The governments of Canada and Nova Scotia have announced a three-member panel will conduct an independent review into the mass shootings that began in Portapique on April 18 and 19.
The panel will consider the causes that led to the event, as well as evaluating the police response, how well authorities informed the public of what was transpiring and what was done to support and engage victims, families and residents.
The panel will be chaired by former Chief Justice of Nova Scotia Michael MacDonald.
It also includes former Deputy Prime Minister Anne McLellan and Leanne Fitch who served as Fredericton chief of police for seven years during her 34-year municipal policing career.
Minister of Public Safety and Emergency Preparedness Bill Blair and Nova Scotia Attorney General and Minister of Justice Mark Furey have committed the agencies and organizations under their jurisdictions to cooperate with this review and provide the panel with whatever it needs to fulfill its mandate.
Those organizations include the RCMP, the Canada Firearms Program, the Canada Border Services Agency, the Criminal Intelligence Service and the national Alert Ready program.

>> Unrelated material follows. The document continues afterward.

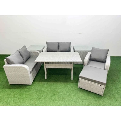 General description This deluxe PE rattan sofa set is a great addition to your patio or garden, made of high-quality PE rattan and durable galvanized steel. The set includes a reclining chair, loveseat sofa, a rectangular dining table, a big footstool, and two side tables, all designed for both indoor and outdoor use. Technical specifications Reclining chair dimensions: 74W x 69D x 79H cm Loveseat sofa dimensions: 124W x 67D x 79H cm Big footstool dimensions: 65L x 65W x 34H cm Side table dimensions: 65L x 65W x 66H cm Dining table dimensions: 140L x 80W x 68H cm Sofa weight capacity: 250 kg Table weight capacity: 80 kg Color: Light grey rattan with dark grey fabric Installation Items come flat packed and are easy to assemble. Sturdy galvanized steel tube metal frames with powder coating to prevent rust. Usage Adjustable armchairs with a reclining back that can be inclined from 90° to 130°. Low maintenance with removable cushion covers. Recommended to keep cushions indoors or use a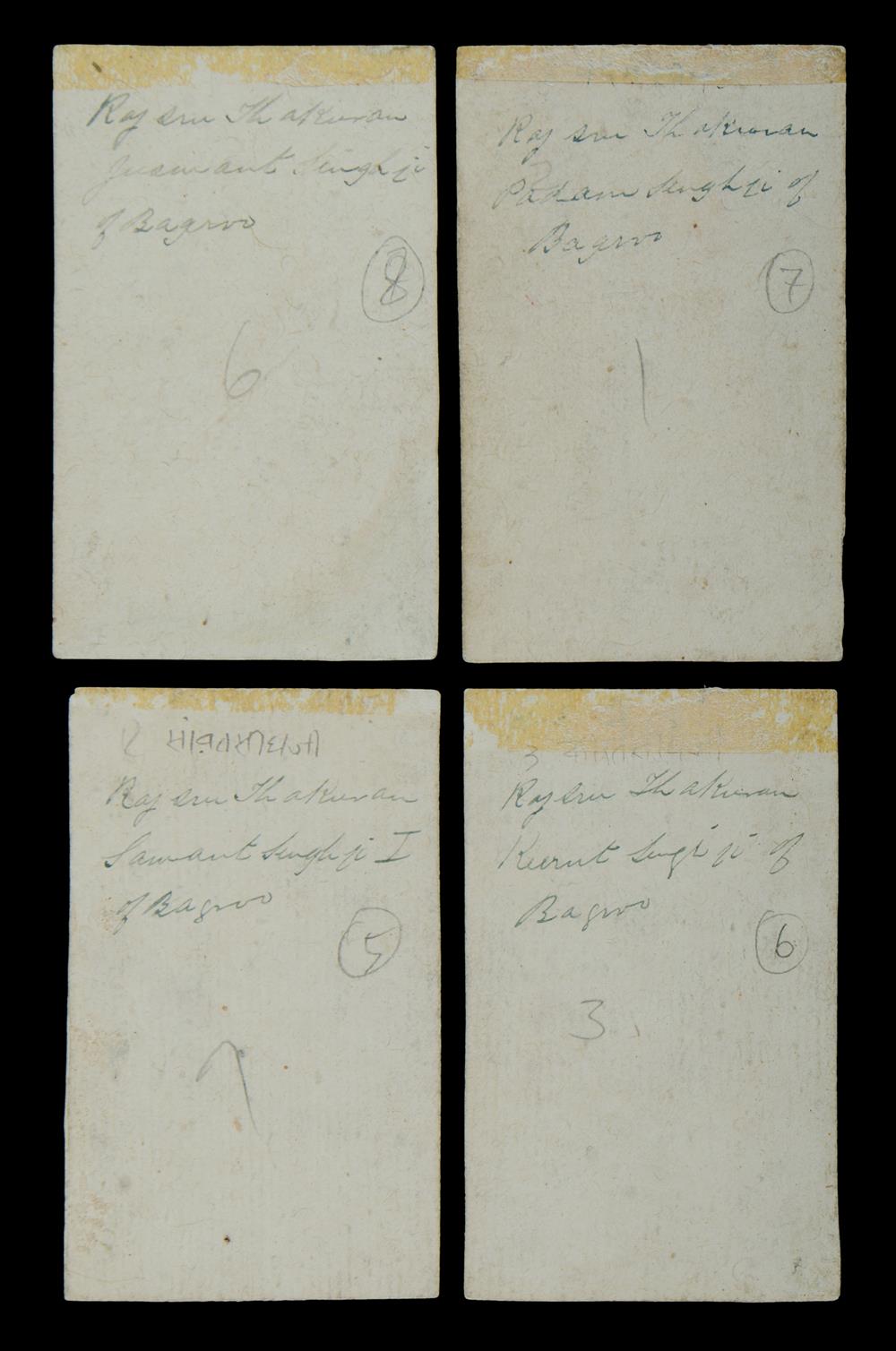 8 Portraits of Indian Emperors. 7 inscribed verso as representing personages from Bagroo (Bagru, Rajasthan) Gouache, Ink & Gilt on Card (8) 11x6cm (each) Estimate $500-700

When announcing the independent panel, both ministers were repeatedly asked why their governments didn’t move forward instead with an inquiry with the power to compel testimony under oath.

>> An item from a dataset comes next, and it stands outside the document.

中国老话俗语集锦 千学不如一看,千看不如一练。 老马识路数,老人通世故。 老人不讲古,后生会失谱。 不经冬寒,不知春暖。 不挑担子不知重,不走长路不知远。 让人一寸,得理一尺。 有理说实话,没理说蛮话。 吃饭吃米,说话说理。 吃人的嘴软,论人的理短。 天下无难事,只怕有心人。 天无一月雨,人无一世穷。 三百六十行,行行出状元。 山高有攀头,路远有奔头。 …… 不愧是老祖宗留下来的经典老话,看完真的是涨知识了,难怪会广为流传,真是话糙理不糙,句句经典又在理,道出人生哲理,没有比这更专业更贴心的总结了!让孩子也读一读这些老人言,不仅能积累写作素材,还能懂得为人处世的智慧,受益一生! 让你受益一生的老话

Furey said they heard from families affected by the tragedy that they wanted answers and they wanted them in a timely fashion.
“We felt that the review process itself, provided the most timely opportunity in setting up a panel and the most timely opportunity for the earliest responses,” Furey said.

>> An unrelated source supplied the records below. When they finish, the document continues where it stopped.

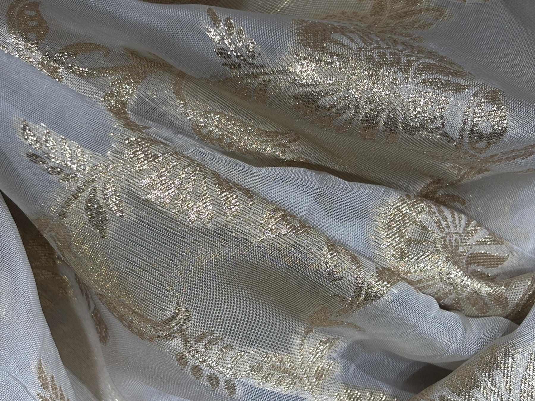 Tissue silk is a fine sheer silk well known for their distinctive characteristics of uniform structure, strength, and flexibility. The fabric is a jari thread as fine as silk thread. They look rich and also very highlighted.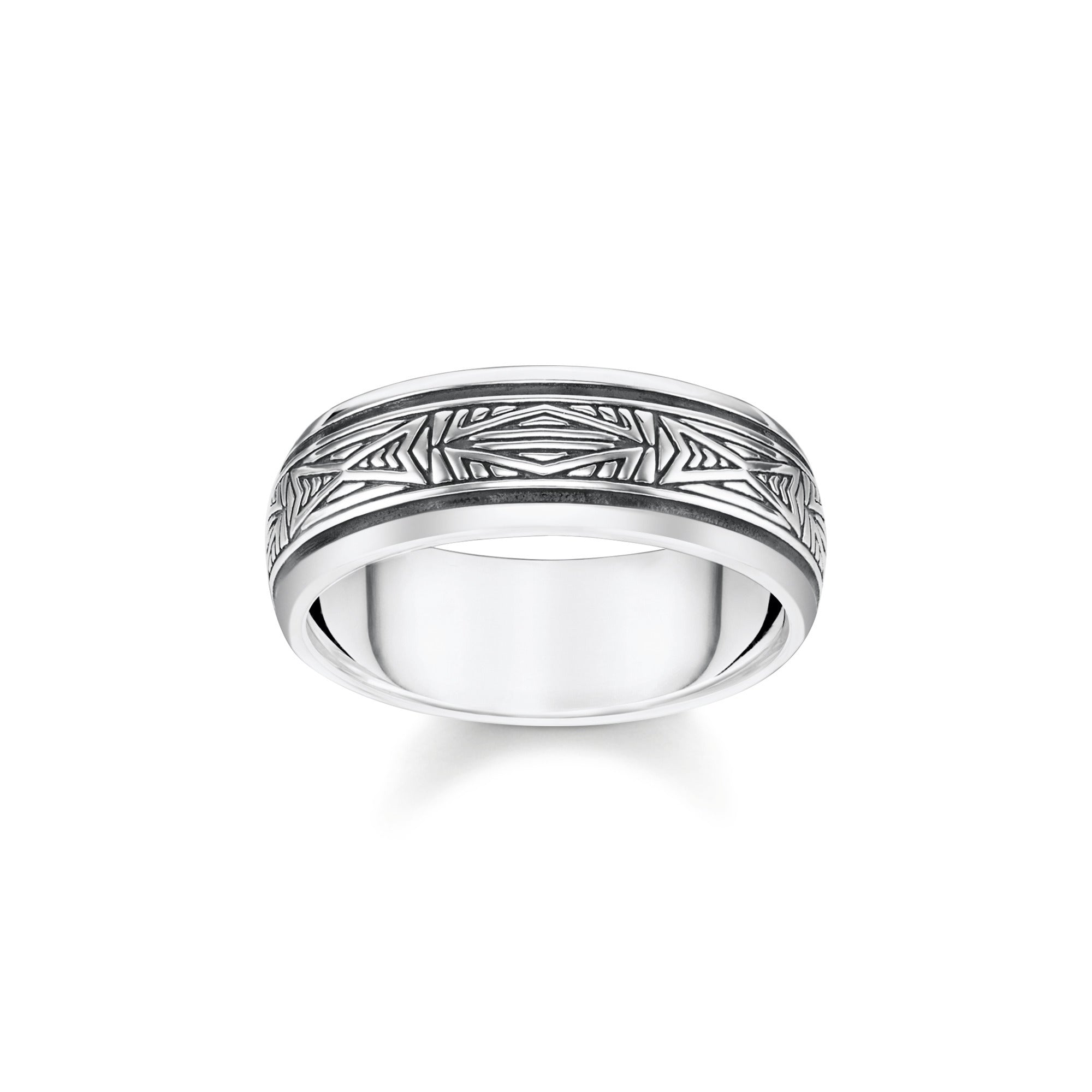 Thomas Sabo’s ornaments ring features oxidised sterling silver and a raised geometric pattern, inspired by modern architecture, which creates a tactile design.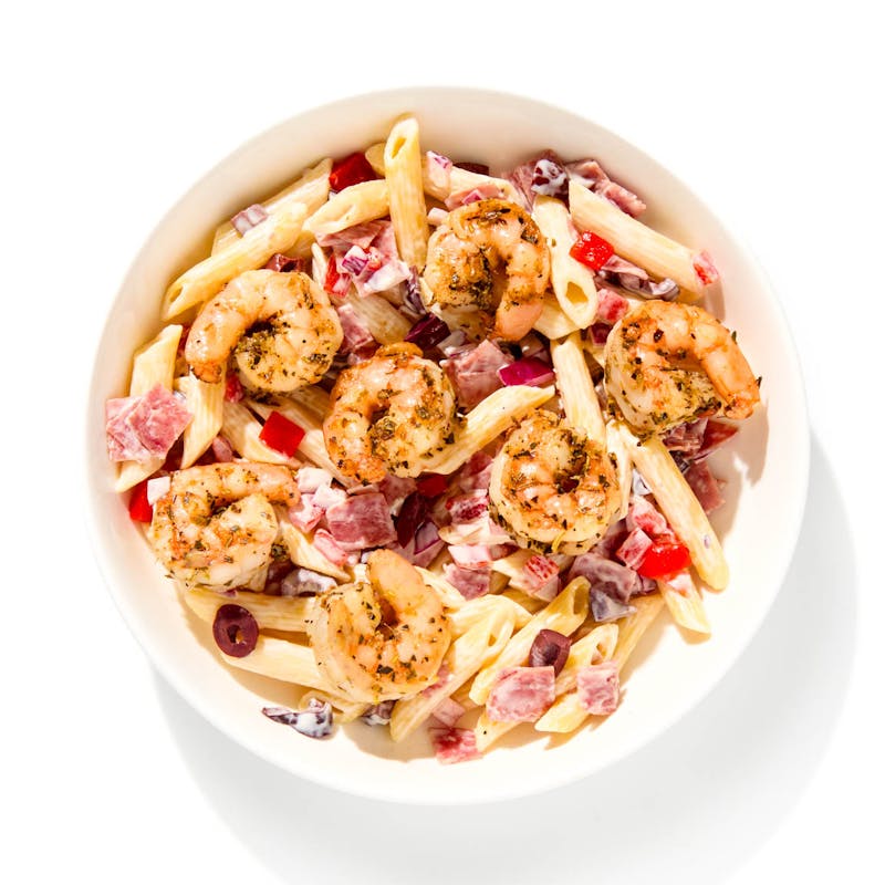 Shrimp, pasta, salami—this bowl came to party. Shrimp are seared with garlic, lemon zest, oregano, and thyme until golden and fragrant. They're served up with a chilled penne salad packed with Genoa salami, kalamata olives, piquillo peppers, red onion, and fresh parsley. Everything’s tied together with a creamy Dijon dressing that’s rich enough to satisfy but light enough to keep things moving.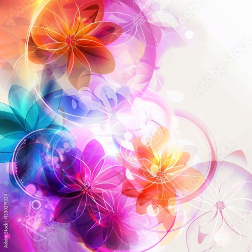 abstract background with translucent colored overlapping neon circle shapes and flowers on light background
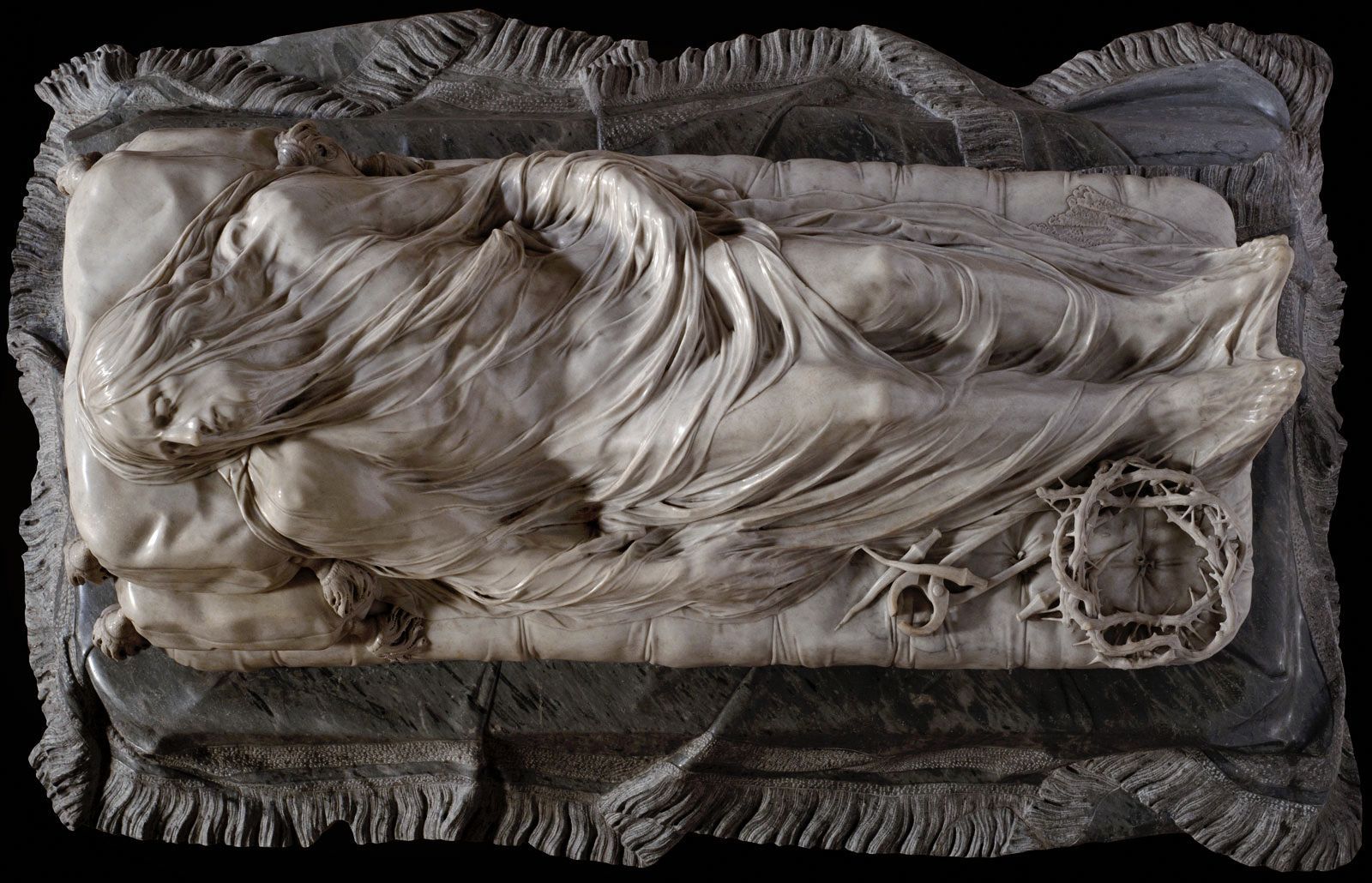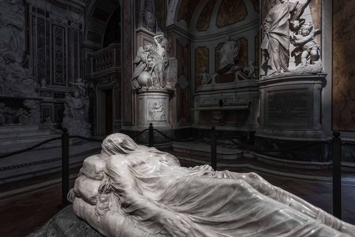 Hoàng tử thứ bảy của thành San Severo là Raimondo di Sangro, muốn có một tác phẩm miêu tả Chúa khi vừa qua đời, phủ trên là lớp vải trong suốt tạc từ cùng một khối đá, miêu tả sự đau đớn và bình thản của Chúa lúc mất. Đó là một yêu cầu kỳ lạ và khó khăn. Và ngày nay chúng ta có The veiled Christ.

The three-member panel have been tasked with not only examining the actions that led up to the tragedy, but also to form recommendations for government and law enforcement agencies to prevent something like this from happening or to be better prepared if it does happen again.
The panel cannot compel those bodies to follow their recommendations, but Furey said his department will be taking their responses seriously.
“It’s the commitment of individual governments to ensure that recommendations are implemented," Furey said. "I think I can speak for both Minister Blair and myself that that is our objective.”
Both levels of government have heard calls for a review of this April’s events since it took place.
Around 300 people marched on the Bible Hill RCMP detachment Wednesday morning, calling again for an inquiry into the shootings.
Furey said his office and their federal counterparts needed the time to find the right process and the right people.
“That experience in judicial fact-finding, that experience in the areas of gender-based violence and intimate partner violence, that experience in understanding government, provincial and federal relations, public policy, was critical to ensure that the review panel was positioned to be successful," he said.
The panel now has until February 28, 2021, to present an interim report, which will also be made available to the public.
The panel’s final report setting out findings and recommendations will be delivered to the ministers by August 31, 2021.